SJP werd in 1992 opgericht aan de Universiteit van Californië, Berkeley, na de Eerste Golfoorlog. Vóór de oorlog waren aanzienlijke aantallen Palestijnen naar de VS gekomen om te studeren, maar die aantallen namen af ​​naarmate de militaire confrontatie uitmondde in de jaren van het sanctieregime. Omdat Yasser Arafat Saddam Hoessein in de oorlog had gesteund, Palestijnen in Koeweit en de rest van de Golf werden ontslagen en gedwongen te vertrekken, met als resultaat dat veel van die Palestijnen die zich een Amerikaanse opleiding voor hun kinderen hadden kunnen veroorloven, dat niet langer konden. Zonder Palestijnse studenten aan Amerikaanse universiteiten namen de inspanningen om zich te organiseren voor Palestijnse rechten af. 
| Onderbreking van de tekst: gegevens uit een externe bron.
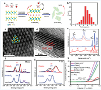| Fig. 6. (a) Synthetic procedure of 2D 1T-MoS2 nanosheets. (b) Statistical analysis of thickness distribution of 1T-MoS2. (c) HRTEM of 1T-MoS2, arranged in a triangular pattern (blue, yellow balls represent Mo, S respectively). (d) HRTEM image of the 1T-MoS2 edge (e) Comparison of the RS for 1T- and 2H-MoS2 (inset in d: E2g1 and A1g peak shifts). XPS spectra of (f) Mo 3d and (g) S 2p. (h) Polarization curves. Reprinted with permission [83]. Copyright 2018, The Royal Society of Chemistry. | |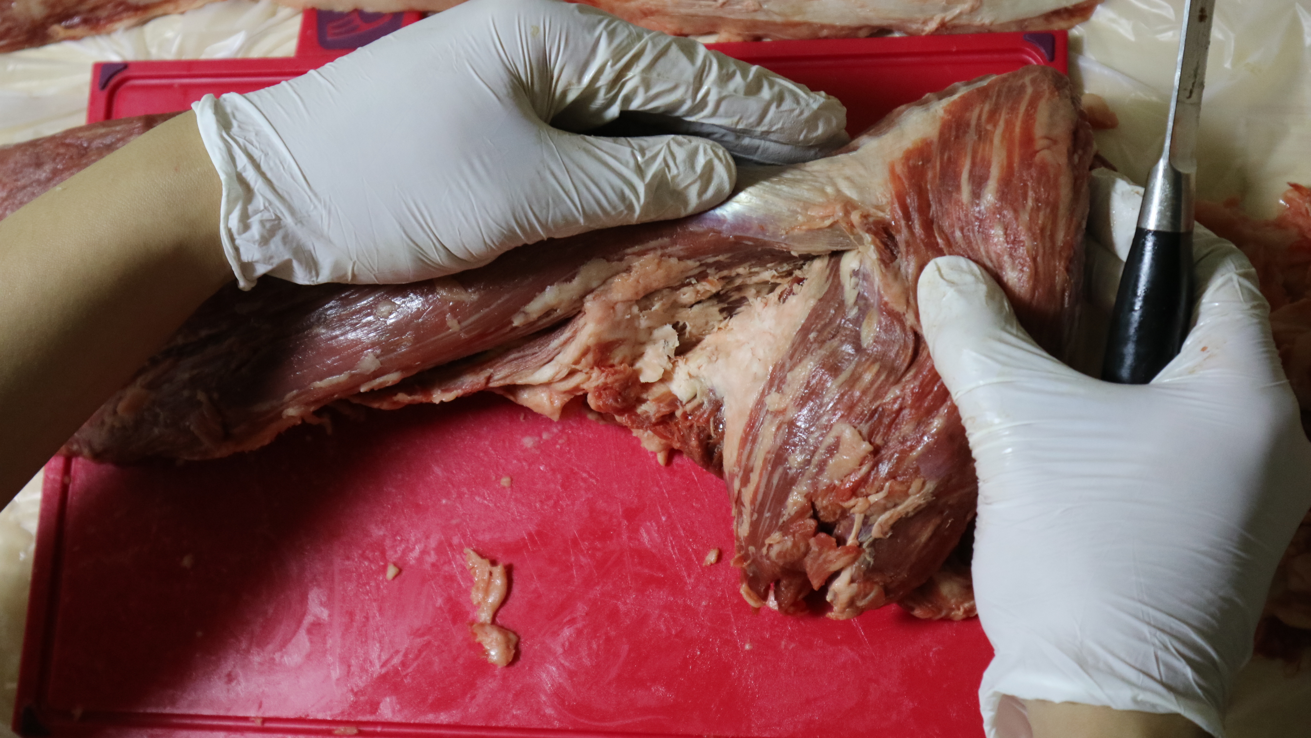 양갈래 진 사이에 지방도 많고 스지가 굵은게 붙어있어요. 그걸 다 제거해줘야해요.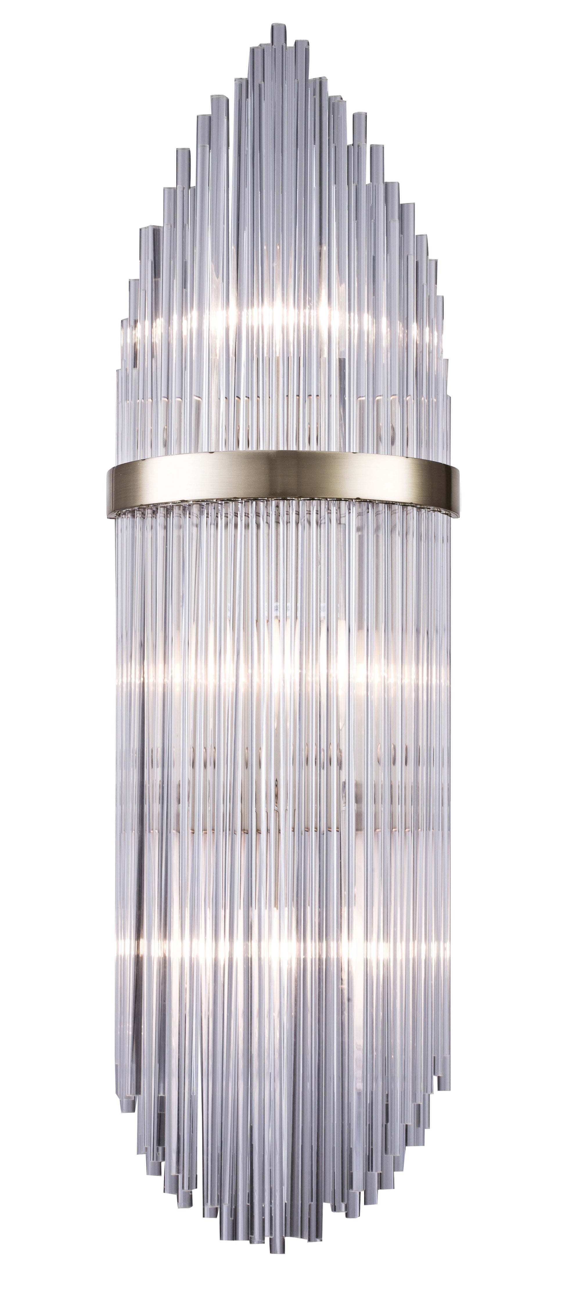 This modern wall sconce is in a chrome finish. The frame is made out of metal, and it comes with glass rods accents in clear color. This wall sconce can be used in modern vanities, hallways, and more., and can be mounted horizontally or vertically.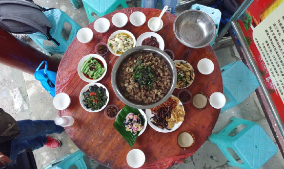喝罷三碗阿姐手中的米酒,這滿(mǎn)桌的美食就等著動(dòng)箸了。長(zhǎng)桌宴席的主菜,即是為了“六月六”祭祀而宰的牛。那一大盆牛肉堆積如山,面上灑滿(mǎn)薄荷,清香四溢,味美量足,一桌人都吃不完。一方面足見(jiàn)布依人民的豪爽,另一方面也許是為了大家相聚的時(shí)間更多,在餐桌上把酒言歡。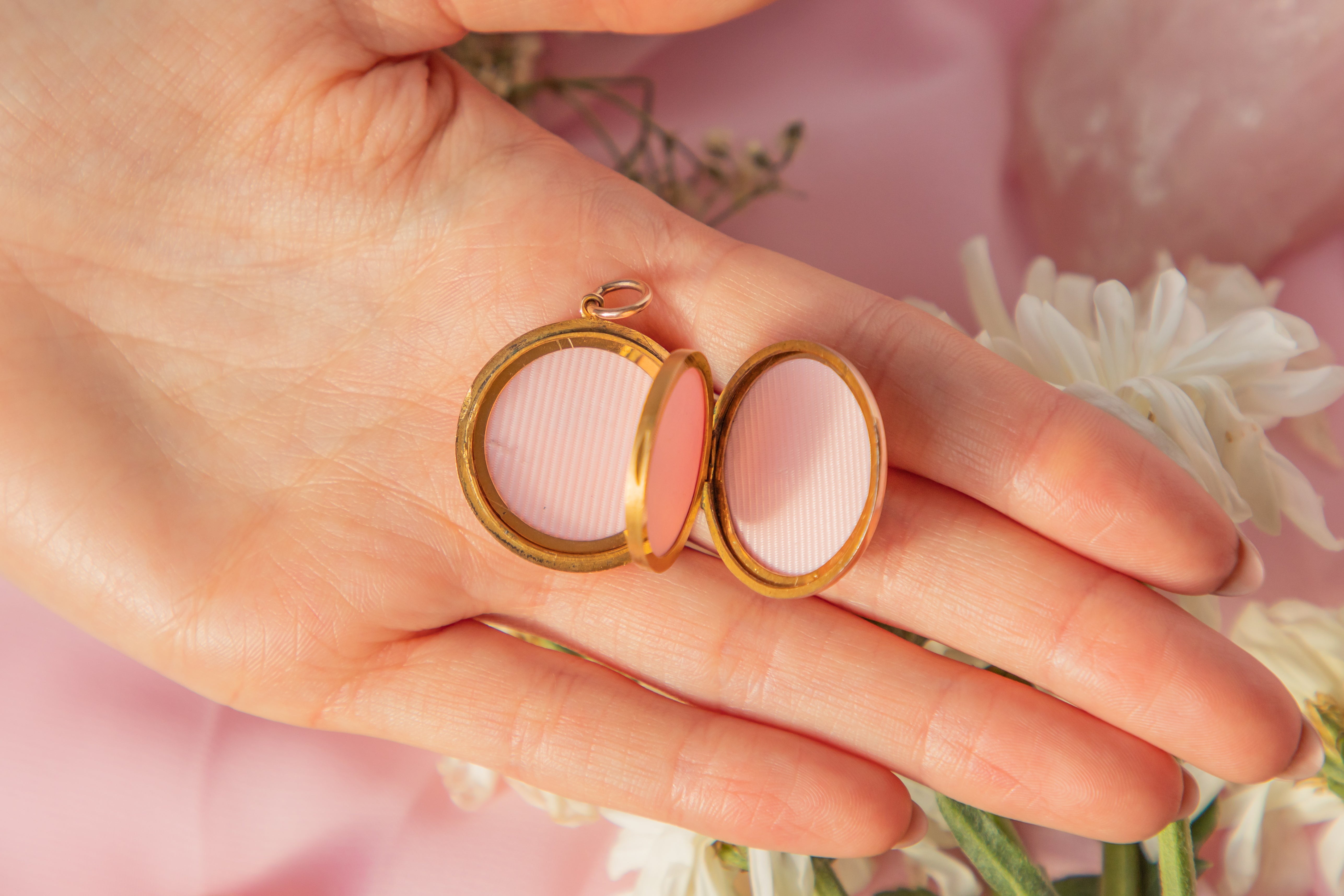 As you open this antique Gold locket, a fabulous surprise awaits inside! She boasts three frames with space for up to four images, so you can keep all precious family members or friends close at all times.

Dit fenomeen deed zich eveneens voor vlak na de Oslo-akkoorden, waardoor het Palestijnse activisme dat verbonden was met de bredere Palestijnse transnationale beweging, afnam, aangezien de PLO via Oslo ermee instemde haar internationale belangenbehartiging tegen Israël te beperken. (Bron: Persoonlijke communicatie met wijlen Haidar Abdel-Shafi, het hoofd van het Palestijnse onderhandelingsteam, tijdens de Oslo-periode.) 

De Israëlische premier Yitzhak Rabin, de Amerikaanse president Bill Clinton en Yasser Arafat van de PLO tijdens de ondertekeningsceremonie van de Oslo-akkoorden, 13 september 1993. (Wikimedia Commons)

Als gevolg hiervan hadden Palestijnse activisten op universiteitscampussen niet langer een draagvlak met een historische erfenis.

In de context van het campusactivisme beschikte de PLO vanaf het begin over een sterke universiteits- en jeugdafdeling, die uitgroeide tot de Algemene Unie van Palestijnse Studenten (GUPS), met vestigingen over de hele wereld, ook in de Verenigde Staten.

Als gevolg van de transformatie van de PLO in de Palestijnse Autoriteit namen de rol, de institutionele capaciteiten en het belang van GUPS af. 

Een alternatieve manier om te pleiten was om als principe de bevrijding van de Palestijnen te organiseren, waarbij elke student welkom werd geheten die zich voor gerechtigheid in Palestina wil inzetten. Dit was het ontstaan ​​van SJP, dat nu meer dan 200 afdelingen heeft in de Verenigde Staten, Canada en Nieuw-Zeeland. Veel van die studenten die werkten ter ondersteuning van de bevrijdings- en antiracismestrijd in Zuid-Afrika, Midden-Amerika en de Verenigde Staten sloten zich aan bij de SJP omdat ze de verbanden tussen de strijd zagen. 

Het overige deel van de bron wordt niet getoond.